The next thing he knew, Syannis was in front of him down on his knees. The tension in his face was obvious, obvious how much he loathed what he was doing, but he was doing it anyway. ‘Please, Berren. Please help me. Just Meridian. Then do what you like.’

Berren bit his lip. This wasn’t the Master Sy he knew. Maybe what he’d done in Deephaven had changed him after all — maybe he really was sorry. ‘I’ll tell you what I want then,’ he said slowly. ‘There was a. . what’s your name for it? Bonds-maid? In the castle. She belongs to Princess Gelisya. I had to whip her, and all because she stood up for what she thought was right. I want her to go free. Not to be mine. Just to go free.’ There and then it was the only thing he could think of.

‘Very well. When she’s mine to give, she’s yours. I promise.’

‘No, I don’t want you to give her to me. I just want you to let her go.’

Syannis shrugged. ‘If that’s really what you want.’

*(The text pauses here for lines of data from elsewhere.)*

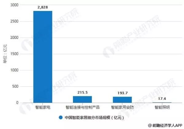 2017年中国智能家居细分市场规模统计情况
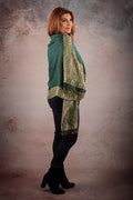 Eșarfa este țesută într-un superb model tradițional indian floral și paisley – un model de diferite forme curbe în culori diferite pe pânză – care este
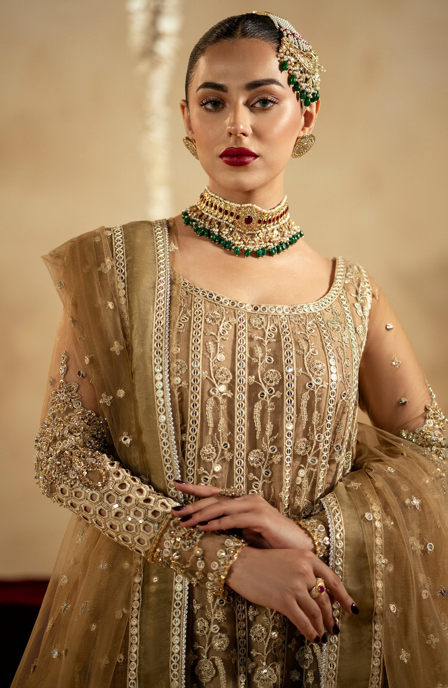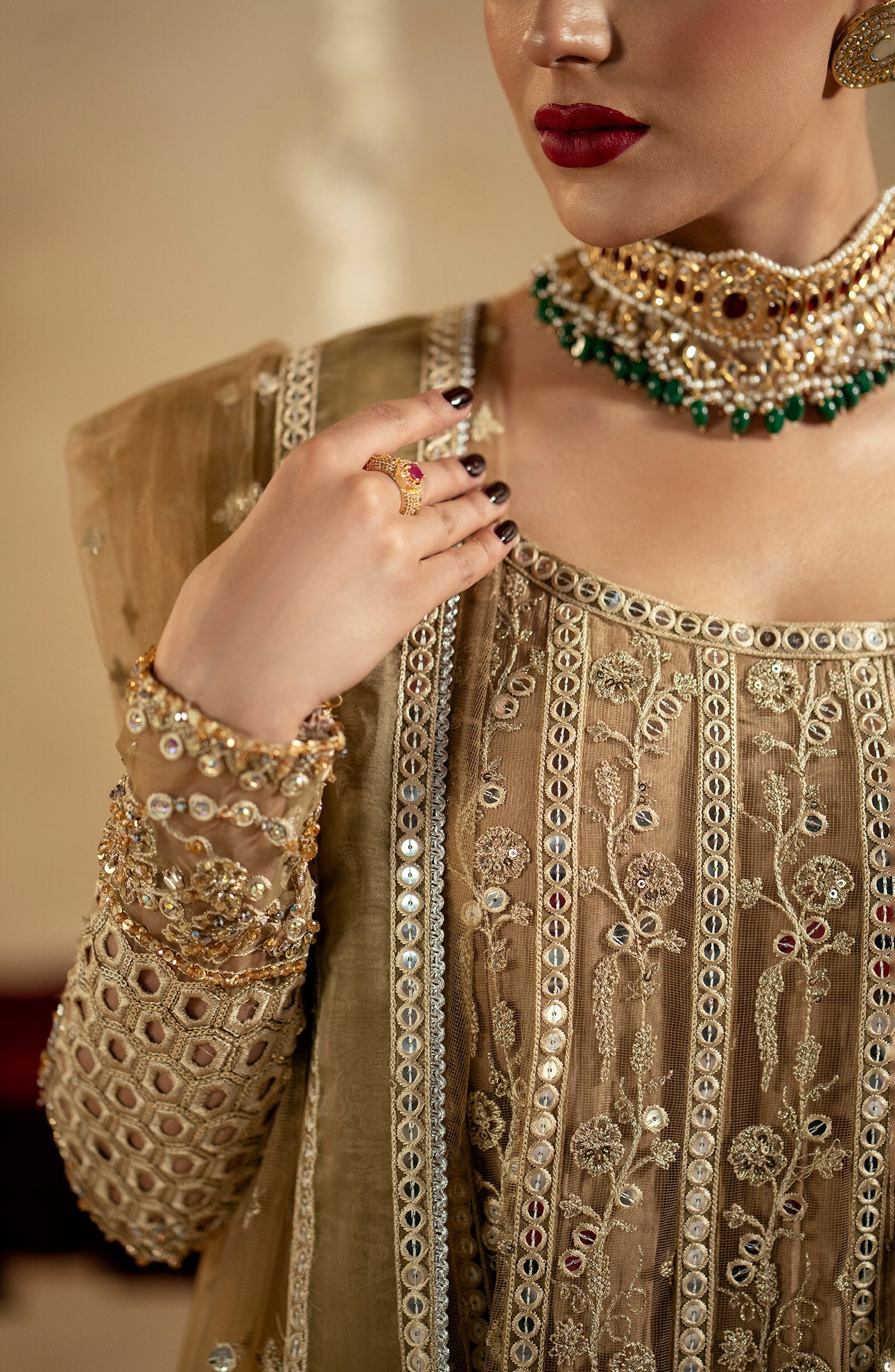 | Fabric: Details: Embroidered Front,Back Kali (Net) 18pc Fabric: Net Dupatta: Embroidered Dupatta (Net) with 4 Side Patti patch (Organza) 2.75Yrds Trouser: |
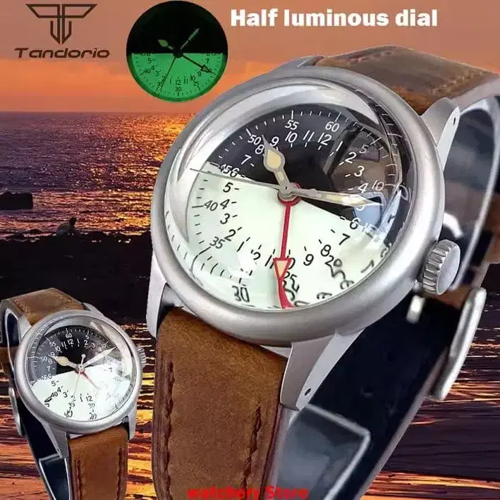 Tandorio 자동 와인딩 손목시계 하프 루미너스 다이얼
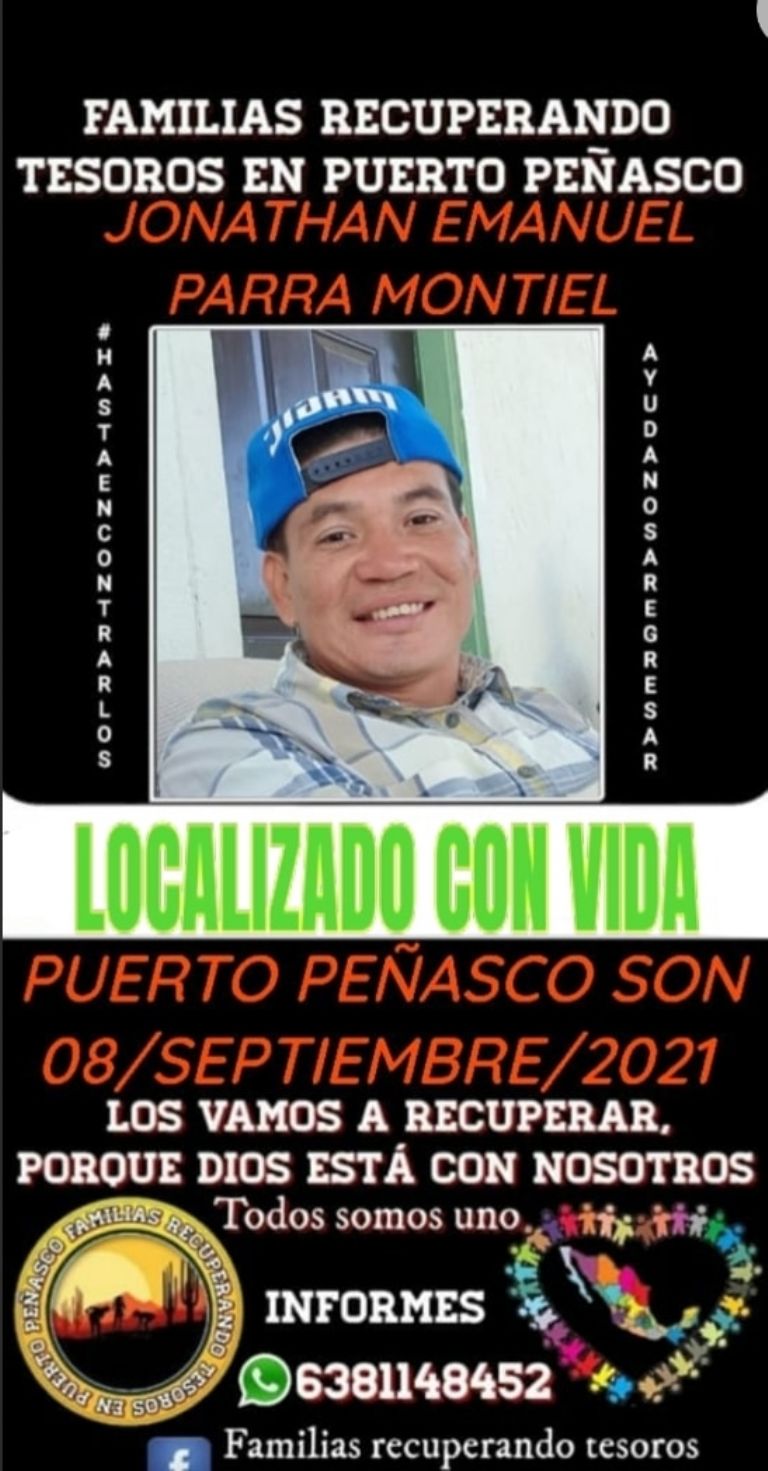 Se trata de Jonathan Emmanuel Parra Montiel, quien fue localizado sano y salvo tras su extravío suscitado el miércoles 8 de agosto del año en curso, así lo confirmó el colectivo Familias Recuperando Tesoros en Puerto Peñasco a través de redes sociales.
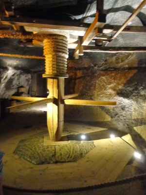 因為整座鹽礦很老舊,走下去的梯子一次也不能承受這麼多人的重量,所以會等到前一團的人下完整座樓梯之後才會給下一組人進場,鹽礦有327米深,大約60、70層樓高,所以在走下去的時候感覺到一直永無止盡的往下走往下走,才會到地底下。
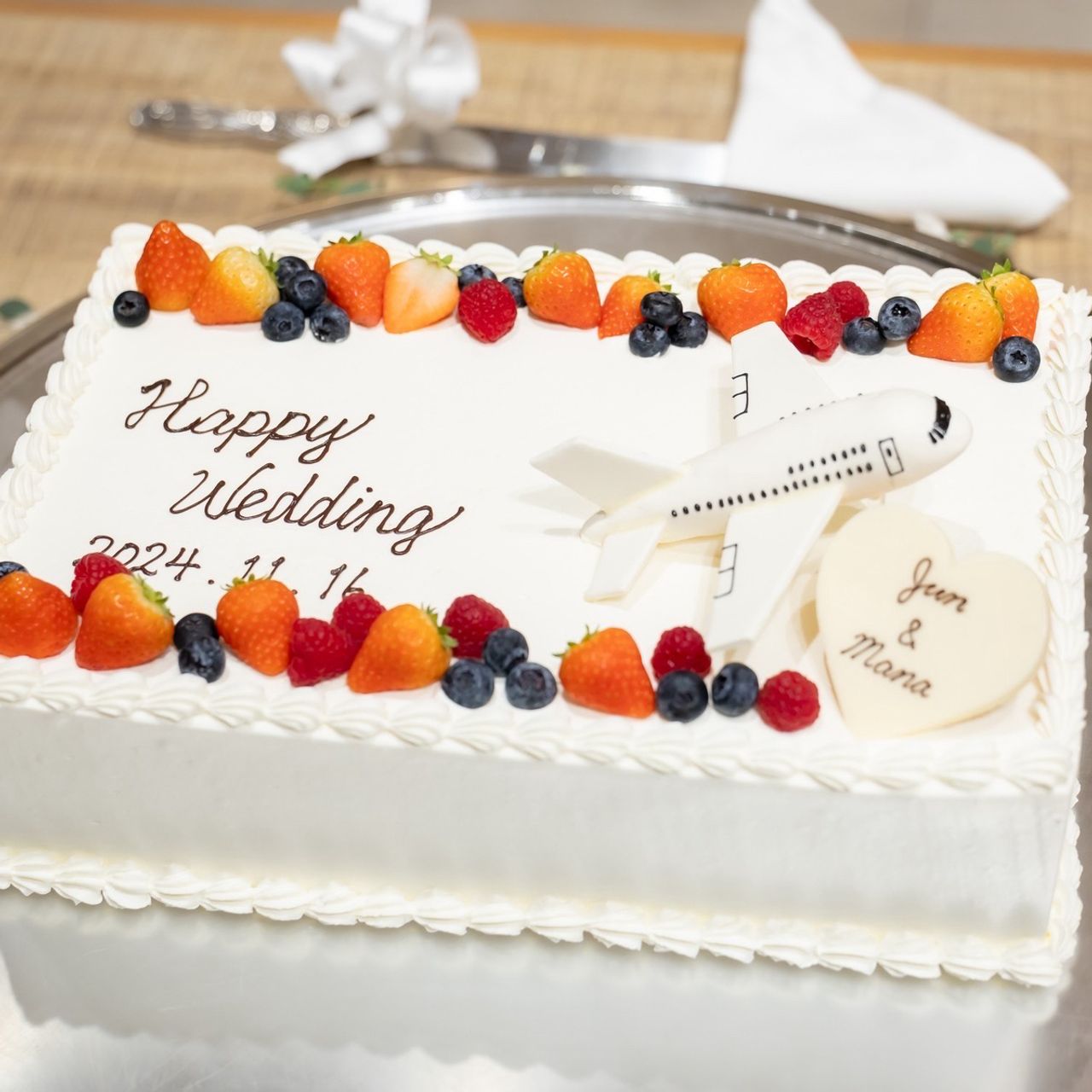 新郎新婦の仕事が航空関係なのでどうせなら飛行機をモチーフにしたデザインにしたいと思い、上に飛行機をのせたケーキを作っていただきました。
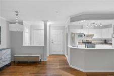 Nestled in the Longwood community, the Carisbrooke building offers a serene setting with beautifully landscaped grounds. This 2-bedroom home boasts an open, airy floor plan with a spacious, functional kitchen that provides plenty of storage. The split-bedroom layout ensures privacy, with the primary suite featuring a walk-through closet, 4-piece ensuite & direct access to the covered deck—perfect for morning coffee or evening relaxation. The second bedroom connects to the main 4-piece bathroom and sits next to the roomy laundry area. Located in the highly sought-after Edgewater community, you’re just steps from Longwood Station, Oliver Woods Community Center & North Town Centre. Residents enjoy a well-run strata with a clubhouse, multiple guest suites and a fitness area. Secure underground parking includes a car wash station, bike storage & woodworking room. Strata fees cover 1 parking space, a storage locker, natural gas & hot water. One dog or cat is welcome & rentals are permitted.

‘It is. But you’d better do it. There’ll be hell between us if you don’t.’ Why did she matter so much? He barely knew her, but then this wasn’t about her at all. She was a symbol, that’s what. A way to redeem himself for Tasahre. And perhaps to redeem the thief-taker too. It was a strangely fierce thing inside him, a reason. A purpose. It had been a long time since he’d had one of those. He offered Master Sy his hand. ‘You’re not my master any more.’

‘I know.’

‘Fine then.’ He couldn’t look at the thief-taker. So fallen from what he’d been. An idol almost. Everything he’d aspired to be once, long ago as a foolish boy. And still the closest thing he’d ever had to a father. ‘Right then. Let’s go kill your king.’

‘Regent,’ murmured Syannis. ‘Not my king.’

They walked on down the road from the castle and into the town. The night-time streets were quiet and the market square was almost empty. A couple of soldiers lounged against a wall, pointedly ignoring a man taking a piss against someone’s door. Syannis led the way past them, along a narrow street between small houses jammed up together along the side of the river, until the road became a track and the houses became huts, and then the track narrowed even more to a path, steep and uneven, and the huts came to an end. Before long they were clambering between rocks, while the river hissed and splashed beside them. They took a moment to clean the worst of the muck off their hands and clothes. A half-moon was rising.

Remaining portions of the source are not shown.